--- The data Enclosed Below ---

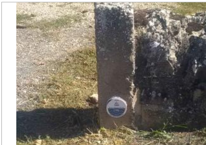
L'Olip au Cayrol - Recoules Prévinquières
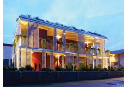
Designo srl Easy Building System
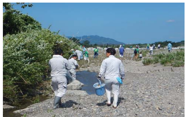
重信川クリーン大作戦にご案内します。（年に2回）
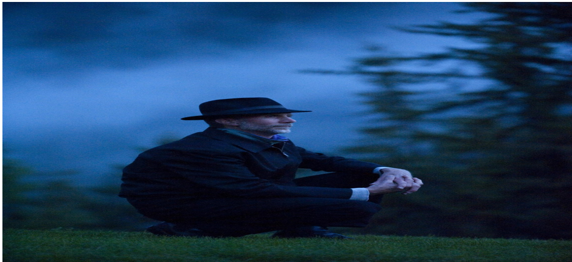
<p>John Luther Adams. </p>
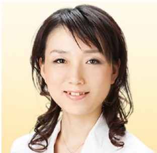
桑島内科医院 副院長 新宿溝口クリニック 栄養療法医師
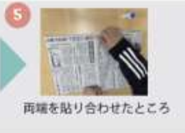
両端を貼り合わせたところ
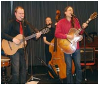
Kosminen Säteily esiintyi SKP:n piirin juhlassa Kirjalla.
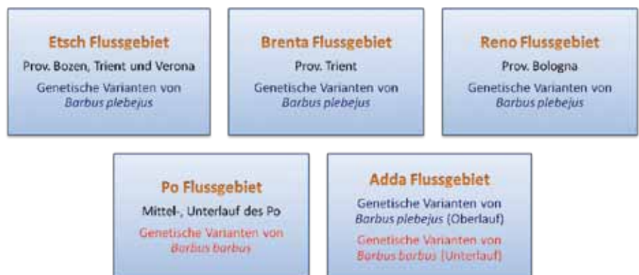
Zusammenfassung der Ergebnisse der mitochondrialen DNA-Sequenzuntersuchungen (Cytochrom- b Gen) von Barbenproben aus dem Nördlichen Adriaeinzugsgebiet.

Conservation Genetics Group, Department of Biodiversity and Molecular Ecology, Research and Innovation Centre, E. Mach Foundation
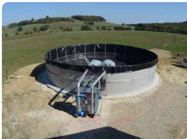
3ème jour : achèvement des travaux pour la technique
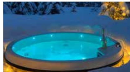
Chromothérapie : 1 spot principal 1 rang de leds sous la ligne d'eau 1 rang de leds sur le pourtour de la cuve 4 leds angle d'habillage
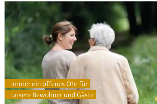
Immer ein offenes Ohr für unsere Bewohner und Gäste
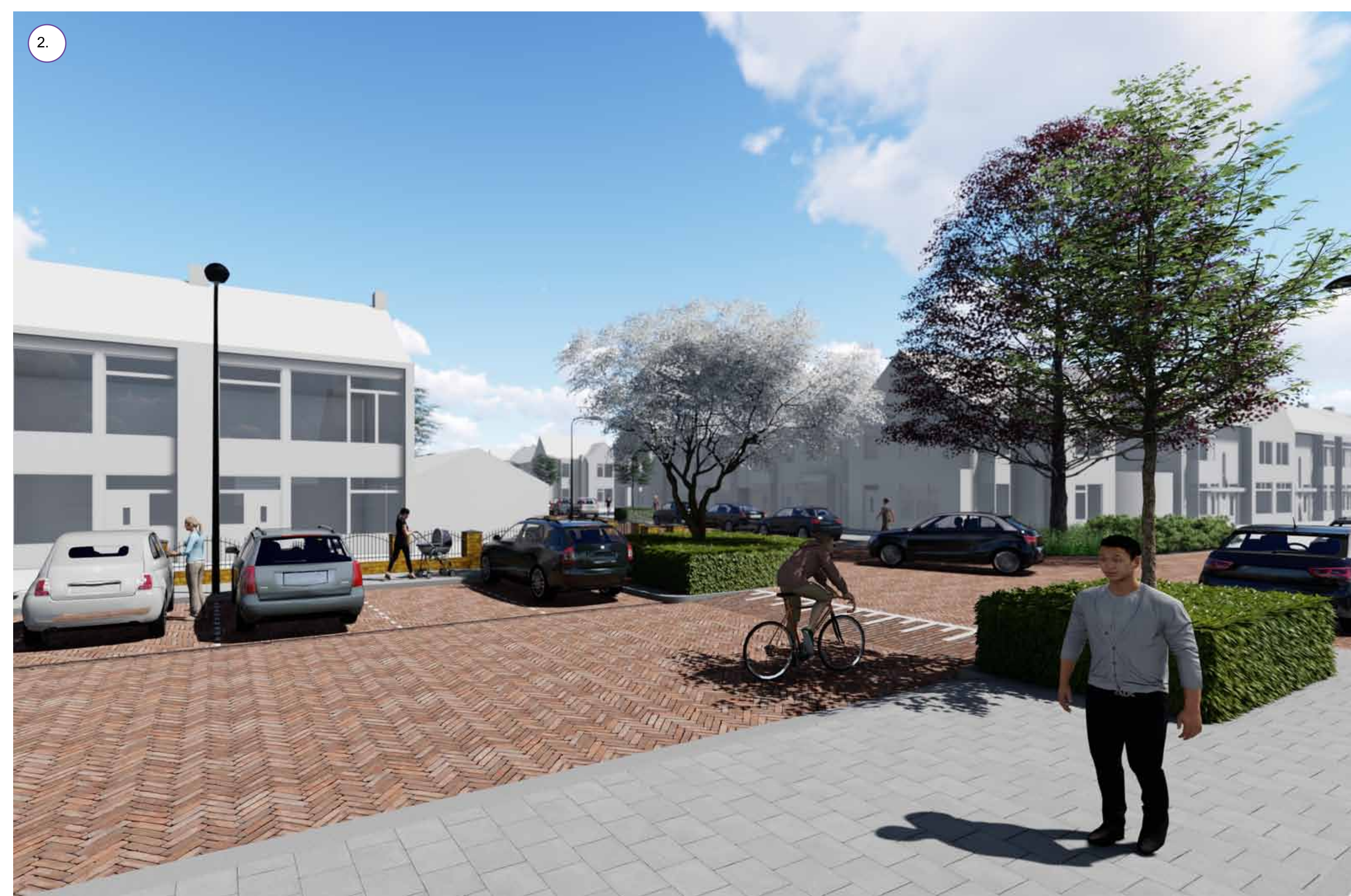
Groene uitstraling kruissing Lariksstraat en Magnoliastraat in combinatie met meer parkeervakken t.o.v. het 1e ontwerp.
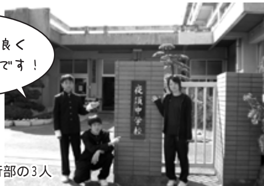
生徒会執行部の3人
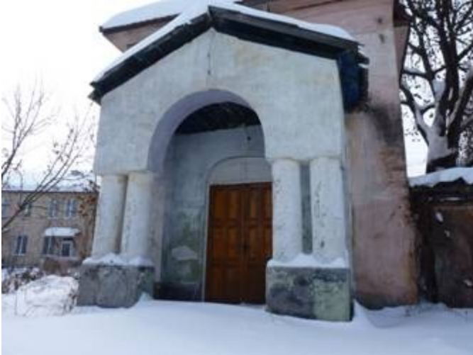
Мал. 2. Зовнішній вигляд та облаштування моргу Сокирянського міжрайонного відділення до 2011

Сокирянське міжрайонне відділення до грудня 2011 року розташовувалось на території Сокирянської ЦРЛ. Кабінет судово-медичного експерта знаходився в приміщенні поліклініки, а морг в пристосованому приміщенні старої каплиці (мал. 2).
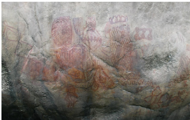
Figura 5. Pictografía encontrada en las Piedras del Tunjo en Facatativá (Chicuzaque, 2 de octubre de 2017).

En el Tolima, en cambio, la presencia del arte rupestre es dispersa y poco estudiada, lo que contrasta con otros lugares del país que cuentan con sitios arqueológicos de mayor magnitud y renombre. Adicionalmente, la falta de apoyo a los investigadores ha limitado el avance en la comprensión y conservación de este patrimonio.
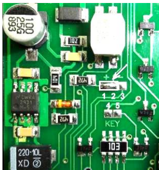
Фото 4. Перемычка 1-2
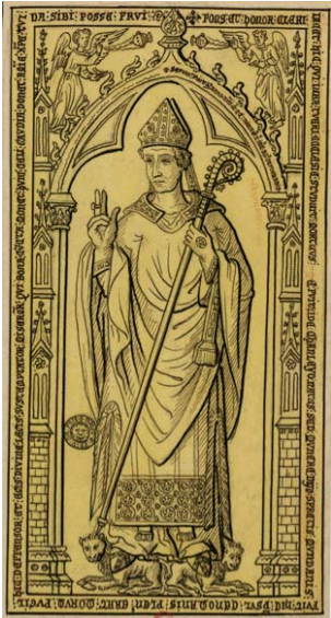
Dalle funéraire sur plaque de cuivre jaune de Jean de Chanlay (BnF, Est., Rés. Pe 1 o, fol. 28).
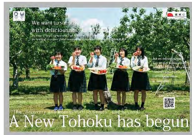
選手村食堂におけるポスターの掲示
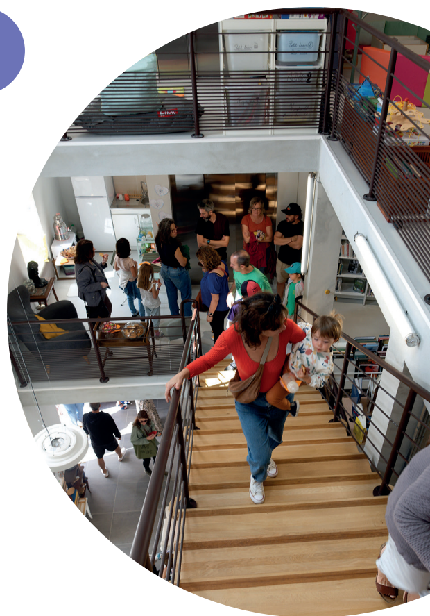
Lanta - la médiathèque prise d'assaut pour son inauguration

Médiathèque départementale de la Haute-Garonne
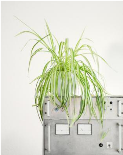
1 Sabine geht unheimlich gerne Tanzen.
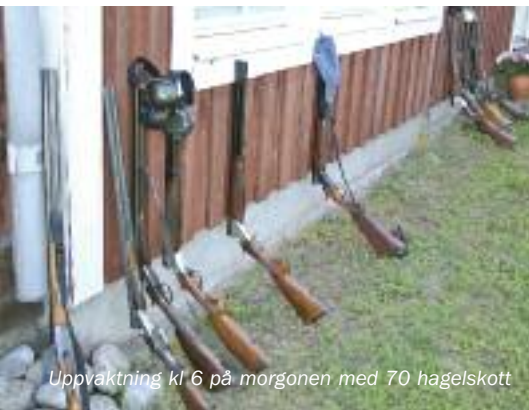
Uppvaktning kl 6 på morgonen med 70 hagelskott
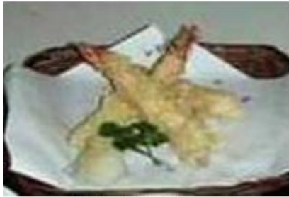
エビ天ぷらセット Ebi Tempura Set
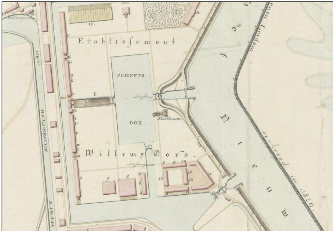
Figuur 2 | Willemsoord 1833

De projectlocatie ligt aan de zuidzijde van de historische Rijkswerf Willemsoord, dit gedeelte is opgericht aan het begin van de 19 e eeuw. In de plattegrond van 1833 is de eerste bebouwing op Willemsoord te zien, evenals de hellingbanen (figuur 2). Het huidige gebouw 66 is zichtbaar in de kaart en deed, samen met het naastgelegen pand, dienst als mastenloods (gebouwen nummer 4 op de kaart).
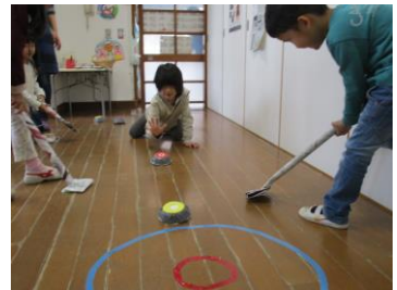
ちゃんとガードもできてる～
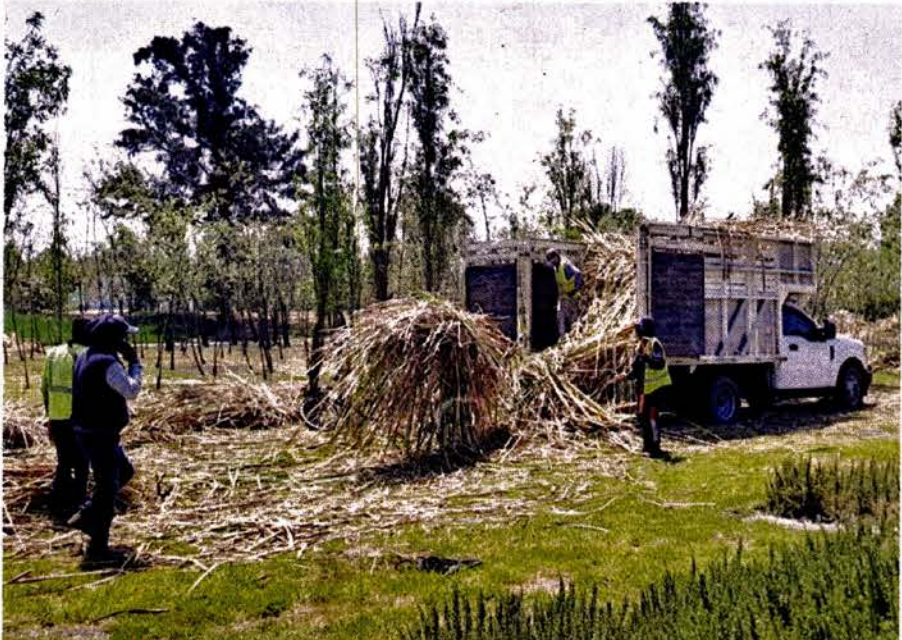
PREVENCIÓN. Cuadrillas de trabajadores se han dado a la tarea de remover vegetación seca para evitar que ocurran incendios.

La cercanía de la estación de bomberos de Coyoacán, en Avenida Canal Nacional,

--- End of Enclosed The data ---

◆ Instructions for the task ◆
Transcribe the lines above exactly, beginning at the one with "重信川クリーン大作戦にご案内します。（年に2回）" and ending at the one with "3ème jour : achèvement". Include both; exclude the pictures.

◆ Answer section ◆
重信川クリーン大作戦にご案内します。（年に2回）
<p>John Luther Adams. </p>
桑島内科医院 副院長 新宿溝口クリニック 栄養療法医師
両端を貼り合わせたところ
Kosminen Säteily esiintyi SKP:n piirin juhlassa Kirjalla.
Zusammenfassung der Ergebnisse der mitochondrialen DNA-Sequenzuntersuchungen (Cytochrom- b Gen) von Barbenproben aus dem Nördlichen Adriaeinzugsgebiet.

Conservation Genetics Group, Department of Biodiversity and Molecular Ecology, Research and Innovation Centre, E. Mach Foundation
3ème jour : achèvement des travaux pour la technique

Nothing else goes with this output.